Please retype the data below line for line and leave out every picture.

(SUPPLIED RECORDS begins)

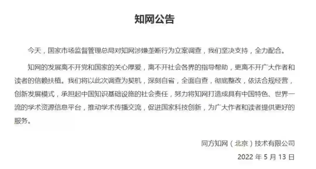 知网在5月13日下午做出回应声称“将以此次调查为契机,深刻自省,全面自查,彻底整改,依法合规经营,创新发展模式,承担起中国知识基础设施的社会责任。”
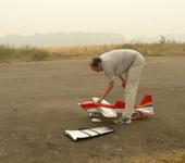 А вот тренер (который Алексей ремонтировал, и Константин то же) меня порадовал, благо в крен гиро воткнул. Т.к. без гиро после ремонта не хотел ровно летать, и тут вроде посадочка ничего получилась.
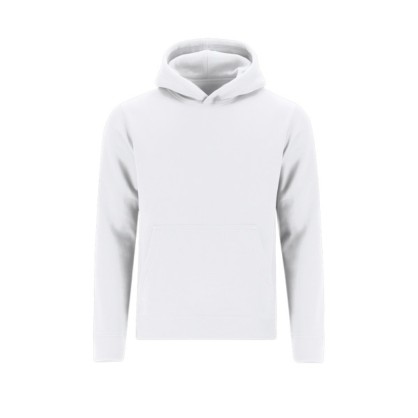 Unisex kinderhoodie met gevoerde capuchon in bijpassende dubbele stof. Gemaakt van katoen en polyester in zacht geruwd fleece 280 g/m. Voorzien van kangoeroezak, verstevigd nektape en manchetten en tailleband in 1x1 ribtricot met elastaan voor betere pasvorm en comfort.
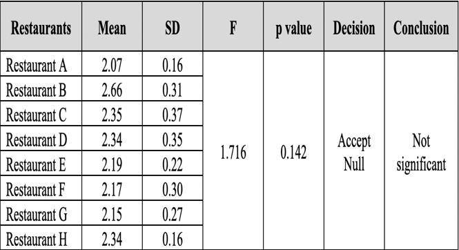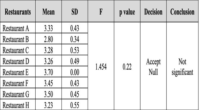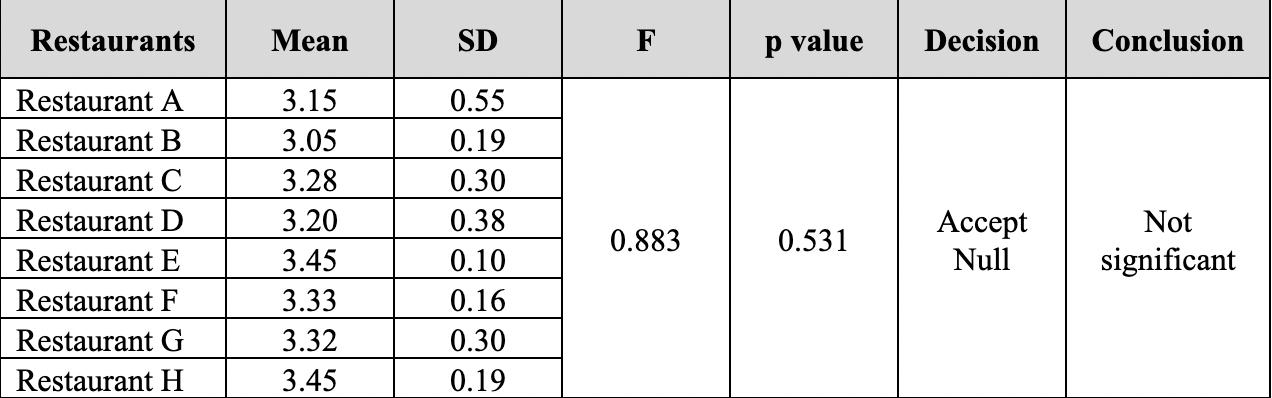 Table 3.1 shows that the resulting p value of 0.22 which exceeds the level of significance of 0.05 denotes that the mean recovery strategy in terms of human resources is not significantly different among different restaurants. Although not significant, it can still be described that Restaurant E has the highest mean score of 3.70, while lowest is from Restaurant B of 2.80.
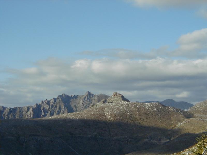 An attempt to capture a picture of the lava dome inside the crater. Look closely in the center and you may be able to see some of the newly formed lava dome (new in that it was created since the eruption in 1980). Unfortunately, the sun was setting which reduced the direct lighting available to this area and visibility was also limited by considerable cloud content that was moving across the mountain. In 1992 the dome was approximately 1,000 feet tall and 3000 feet wide!
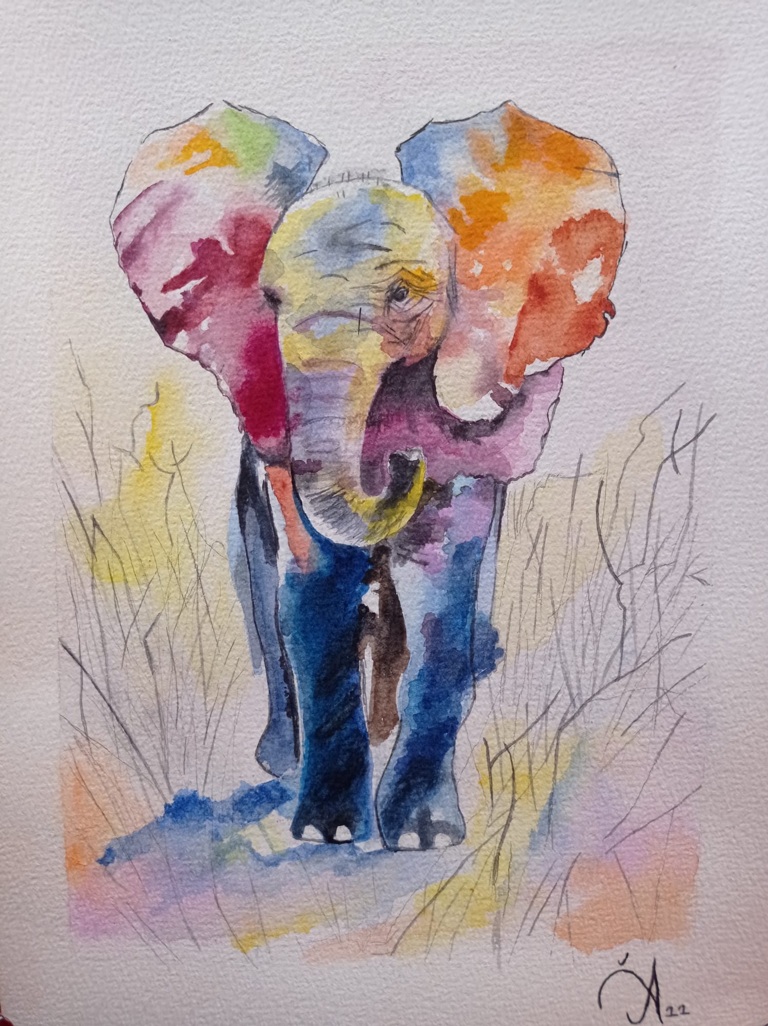 Sulu boyanın özgürce dağılan renkleriyle hayat bulan, sembolik ve dinamik bir hayvan portresi.

(SUPPLIED RECORDS ends)

__EXERCISE OUTPUT__:
 知网在5月13日下午做出回应声称“将以此次调查为契机,深刻自省,全面自查,彻底整改,依法合规经营,创新发展模式,承担起中国知识基础设施的社会责任。”
 А вот тренер (который Алексей ремонтировал, и Константин то же) меня порадовал, благо в крен гиро воткнул. Т.к. без гиро после ремонта не хотел ровно летать, и тут вроде посадочка ничего получилась.
 Unisex kinderhoodie met gevoerde capuchon in bijpassende dubbele stof. Gemaakt van katoen en polyester in zacht geruwd fleece 280 g/m. Voorzien van kangoeroezak, verstevigd nektape en manchetten en tailleband in 1x1 ribtricot met elastaan voor betere pasvorm en comfort.
 Table 3.1 shows that the resulting p value of 0.22 which exceeds the level of significance of 0.05 denotes that the mean recovery strategy in terms of human resources is not significantly different among different restaurants. Although not significant, it can still be described that Restaurant E has the highest mean score of 3.70, while lowest is from Restaurant B of 2.80.
 An attempt to capture a picture of the lava dome inside the crater. Look closely in the center and you may be able to see some of the newly formed lava dome (new in that it was created since the eruption in 1980). Unfortunately, the sun was setting which reduced the direct lighting available to this area and visibility was also limited by considerable cloud content that was moving across the mountain. In 1992 the dome was approximately 1,000 feet tall and 3000 feet wide!
 Sulu boyanın özgürce dağılan renkleriyle hayat bulan, sembolik ve dinamik bir hayvan portresi.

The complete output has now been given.